How to update the posterior belief when we are observing a stream of correlated data from a fixed but unknown data source

I want to build a [probabilistic] model that aims to infer the true value of an unknown categorical variable, $$y \in \{1,2,..., K\}$$.

We have a dataset $$(X,y): \mathbb{R}^d\rightarrow \{1,2,..., K\}$$ and we can train a classifier that gives $$d$$-dimensional data, $$X$$, and estimates the output $$y$$.

Now, suppose that $$X$$s are correlated and all coming from a fixed $$y$$. I mean, we are observing $$X^1, X^2,...., X^T,...$$ over time and we know that $$y$$ is fixed for all of them.

For example:

• We receive $$X^1$$ (at time $$t=1$$) and our previously trained classifier produces a guess about $$\hat{y}^1$$.
• Then, we receive $$X^2$$, and we again use the classifier to guess $$\hat{y}^2$$.
• Then, we receive $$X^3$$, and so on.

So, at time $$t=T$$ we have $$\hat{y}^1, \hat{y}^2, ..., \hat{y}^T$$.

Now, the question is: How can I make a model to use these estimations ($$\hat{y}^1, \hat{y}^2, ..., \hat{y}^T$$) and improve my belief about the true $$y$$ over time, considering that:

1. dimension $$d$$ is not small. e.g. $$d >50$$

2. data samples, $$X$$s, are not i.i.d. but all coming from a fixed unknown $$y$$.

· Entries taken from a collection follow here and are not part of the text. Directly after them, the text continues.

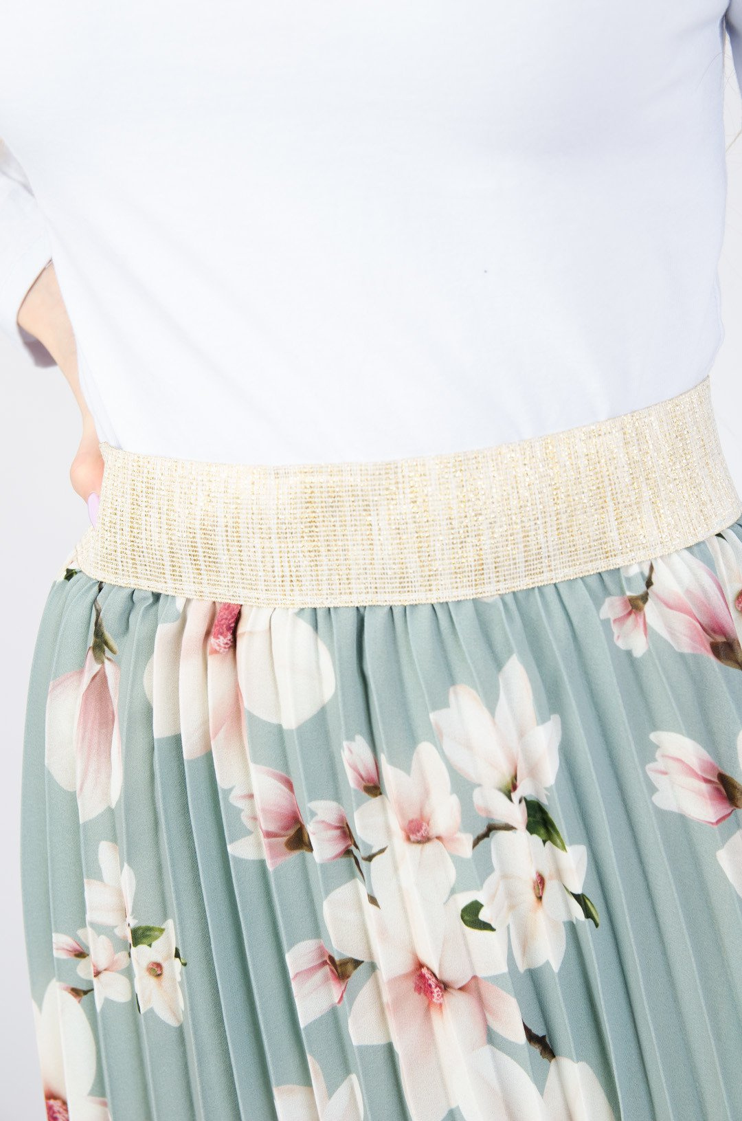 PLISOWANA SPÓDNICA W KWIATY W KOLORZE ZIELONYM
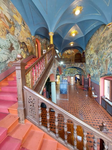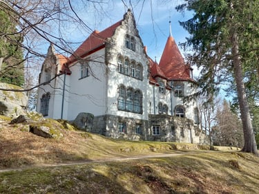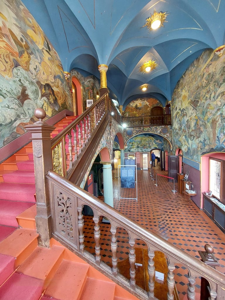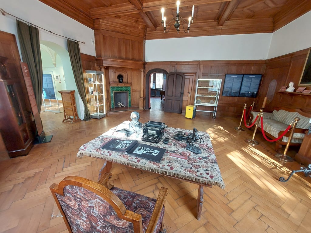 Įdomi vieta, kurią verta pamatyti. Puikiai išsilaikęs XX amžiaus pirmosios pusės namas, kadaise priklausęs 1912 m. Nobelio literatūros premijos laureatui Gerhardui Hauptmanui. Tai vienas žymiausių vokiečių natūralistinės dramos kūrėjų. Tik tiek apie jį žinau iš Vikipedijos. Pirmas aukštas ir dalis pirmojo aukšto yra atviri visuomenei. Pats pastatas įspūdingas, ypač graži salė su freskomis ant sienų ir lubų. Eksponatų mažai, o kolekcija gana ribota. Bet vską atpirko interjeras – jis fantastiškas. Kaina 10 PLN už standartinį bilietą. Girdėjau, kad parkingas kainuoja dar 20 zlotų už stovėjimą visai dienai, bet mums būnant parkingo kasa nedirbo. Ne sezonas! Muziejus dirba kasdien nuo 9 iki 16 val.
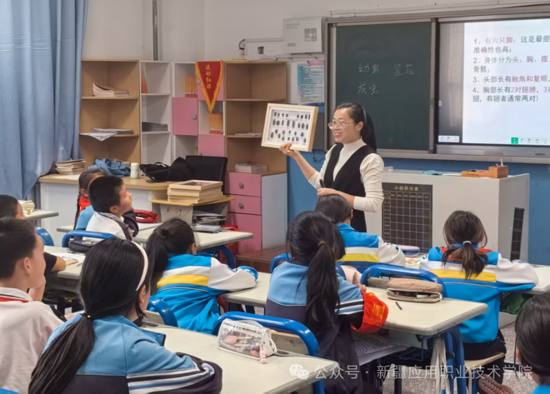活动伊始,园林与旅游管理学院教师李秀琴以《有趣的昆虫》为主题,用丰富的昆虫标本带领同学们步入奇妙的昆虫王国。她从蝴蝶翅膀的绚丽鳞片到蚂蚁社会的精密分工,用生动浅显的语言讲解了昆虫的生存智慧与生态价值,引发了孩子们的阵阵惊叹。
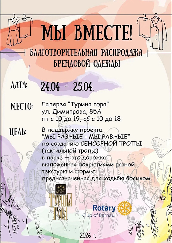 «В дни благотворительной распродажи галерея «Турина гора» превращается в бутик брендовой одежды, предоставленный известными магазинами и барнаульскими модницами. А это широчайший ассортимент мужской, женской, детской одежды, а также аксессуаров и украшений, которые можно приобрести по цене от 100 до 3000 рублей. По традиции все собранные средства от продажи мы аккумулируем и тратим на благотворительные нужды», — пояснила куратор галереи «Турина гора» Екатерина Левина.

3. classifier is not optimal (just trained on some available data) and at each round gives an estimate about the $$\hat{y}^t$$ for the current $$X^t$$.

I have been reading some materials and came across the following but I am not sure which one is better to investigate more into:

• Sequential Hypothesis Testing
• Optimal stopping
• Sequential probability ratio test
• HDI+ROPE decision rule: highest density interval (HDI) region of practical equivalence (ROPE)

Or is there any specific Bayesian framework for it?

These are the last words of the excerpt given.